▶

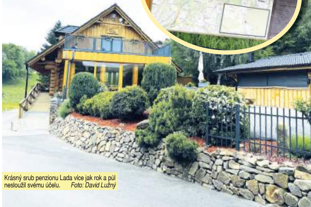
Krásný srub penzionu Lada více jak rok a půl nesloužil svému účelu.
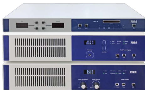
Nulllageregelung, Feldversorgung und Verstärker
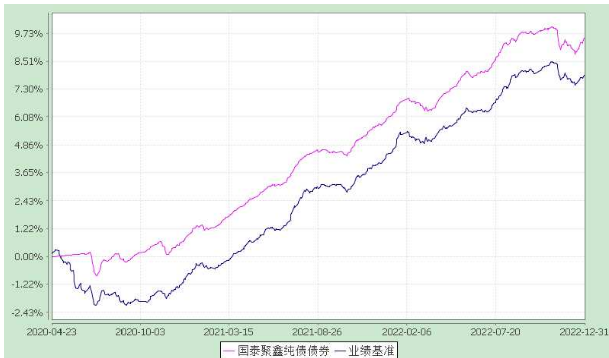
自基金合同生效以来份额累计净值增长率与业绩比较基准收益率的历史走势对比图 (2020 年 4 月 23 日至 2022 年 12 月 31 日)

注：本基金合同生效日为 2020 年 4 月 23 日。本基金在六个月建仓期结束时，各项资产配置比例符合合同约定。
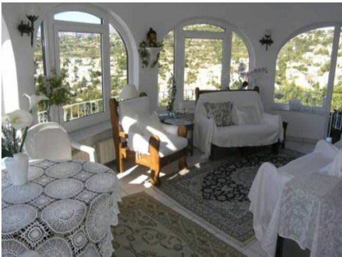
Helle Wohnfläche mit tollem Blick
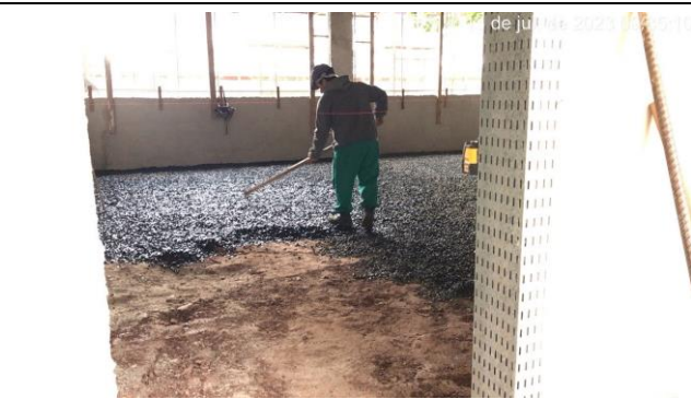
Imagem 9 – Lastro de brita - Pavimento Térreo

◀
▶

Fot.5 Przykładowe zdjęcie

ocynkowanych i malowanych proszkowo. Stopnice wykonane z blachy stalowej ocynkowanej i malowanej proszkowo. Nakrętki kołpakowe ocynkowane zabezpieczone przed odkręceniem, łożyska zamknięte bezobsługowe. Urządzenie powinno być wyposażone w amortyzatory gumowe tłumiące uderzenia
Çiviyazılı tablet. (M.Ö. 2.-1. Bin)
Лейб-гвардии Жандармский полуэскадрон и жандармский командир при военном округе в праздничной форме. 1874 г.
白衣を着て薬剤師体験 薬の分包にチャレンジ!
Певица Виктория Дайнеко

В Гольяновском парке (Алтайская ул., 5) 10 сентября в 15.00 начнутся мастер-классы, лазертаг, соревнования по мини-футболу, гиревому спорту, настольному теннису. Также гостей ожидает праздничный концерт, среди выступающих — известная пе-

◀
▶

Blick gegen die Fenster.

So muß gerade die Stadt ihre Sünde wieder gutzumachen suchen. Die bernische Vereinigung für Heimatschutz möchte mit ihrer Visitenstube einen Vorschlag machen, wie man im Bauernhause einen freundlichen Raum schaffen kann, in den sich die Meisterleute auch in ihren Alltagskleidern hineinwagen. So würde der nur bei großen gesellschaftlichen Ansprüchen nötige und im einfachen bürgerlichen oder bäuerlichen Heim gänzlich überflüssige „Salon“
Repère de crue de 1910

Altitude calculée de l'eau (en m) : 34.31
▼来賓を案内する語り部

◀

## DIRECTIONS FOR THIS TASK
Using the data above, output the line that has "Krásný srub penzionu", the line that has "Imagem 9 – Lastro de brita - Pavimento Térreo", and whatever lines fall between, each exactly as it stands and without pictures.

## TASK OUTPUT
Krásný srub penzionu Lada více jak rok a půl nesloužil svému účelu.
Nulllageregelung, Feldversorgung und Verstärker
自基金合同生效以来份额累计净值增长率与业绩比较基准收益率的历史走势对比图 (2020 年 4 月 23 日至 2022 年 12 月 31 日)

注：本基金合同生效日为 2020 年 4 月 23 日。本基金在六个月建仓期结束时，各项资产配置比例符合合同约定。
Helle Wohnfläche mit tollem Blick
Imagem 9 – Lastro de brita - Pavimento Térreo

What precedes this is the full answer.